Sementara itu Rektor ISI Padang Panjang, Dr. Febri Yulika, S.Ag, M.Hum, mengatakan wisuda bukanlah akhir dari perjalanan, melainkan awal dari tanggung jawab baru untuk mengabdikan ilmu dan keterampilan yang dimiliki kepada masyarakat. Hal itu dikatakannya pada Wisuda Periode I Tahun Akademik 2025/2026, Selasa di gedung pertunjukan Hoerijah Adam.
“Hari ini wisudawan tidak lagi berstatus mahasiswa, melainkan seorang sarjana yang membawa tanggung jawab moral, sosial, dan profesional. Jadilah pribadi yang tangguh, rendah hati, serta terus belajar sepanjang hayat,” kata Febri Yulikaa.
Febri Yulika, berharap wisudawan ISI Padang Panjang harus menjadi sarjana super, memiliki superioritas, keunggulan, serta prinsip yang nyata.
“Jadilah insan yang gemar membaca, luas pengetahuannya, cepat bergerak (gercep), dan selalu siap menjadi kebanggaan bangsa serta negara. Belajar sepanjang hayat adalah kunci, dan jangan pernah ragu untuk terus berkembang. Jadilah agen perubahan yang membanggakan,” harap Febri Yulika.

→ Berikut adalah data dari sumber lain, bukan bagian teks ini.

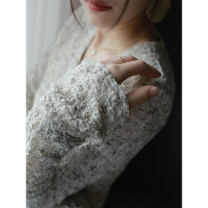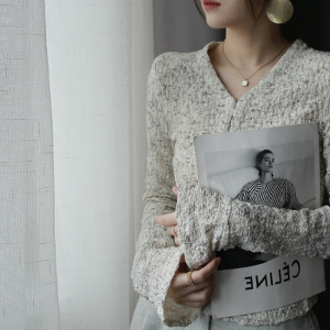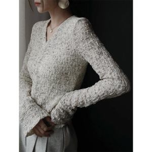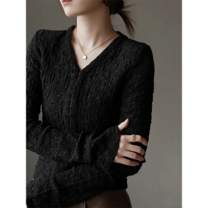 秋季新款泡泡肌理褶皱压花晕墨染色V领气质长袖上衣女T显瘦打底衫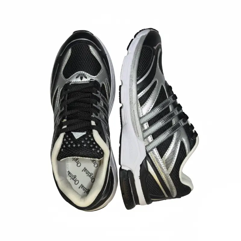 - برندینگ (Branding): سه خط معروف آدیداس به صورت براق و نقرهای متالیک روی قسمت میانی پا (Midfoot) کاملاً مشهود است.

Rektor juag mengingatkan saat ini dunia pendidikan tinggi tengah menghadapi perubahan lanskap besar yang dipengaruhi oleh perkembangan Artificial Intelligence (AI), Internet of Things (IoT), dan transformasi digital.
Institut Seni Indonesia (ISI) Padangpanjang kembali mengukir sejarah dengan mewisuda 358 lulusan dari Program Sarjana Terapan, Sarjana, dan Magister resmi yang dikukuhkan dalam sidang senat terbuka dengan jumlah lulusan terdiri atas 116 orang dari Fakultas Seni Pertunjukan, 208 orang dari Fakultas Seni Rupa dan Desain, serta 34 orang dari Program Pascasarjana. Dengan demikian, hingga saat ini total alumni ISI Padang Panjang, telah mencapai 5.101 orang.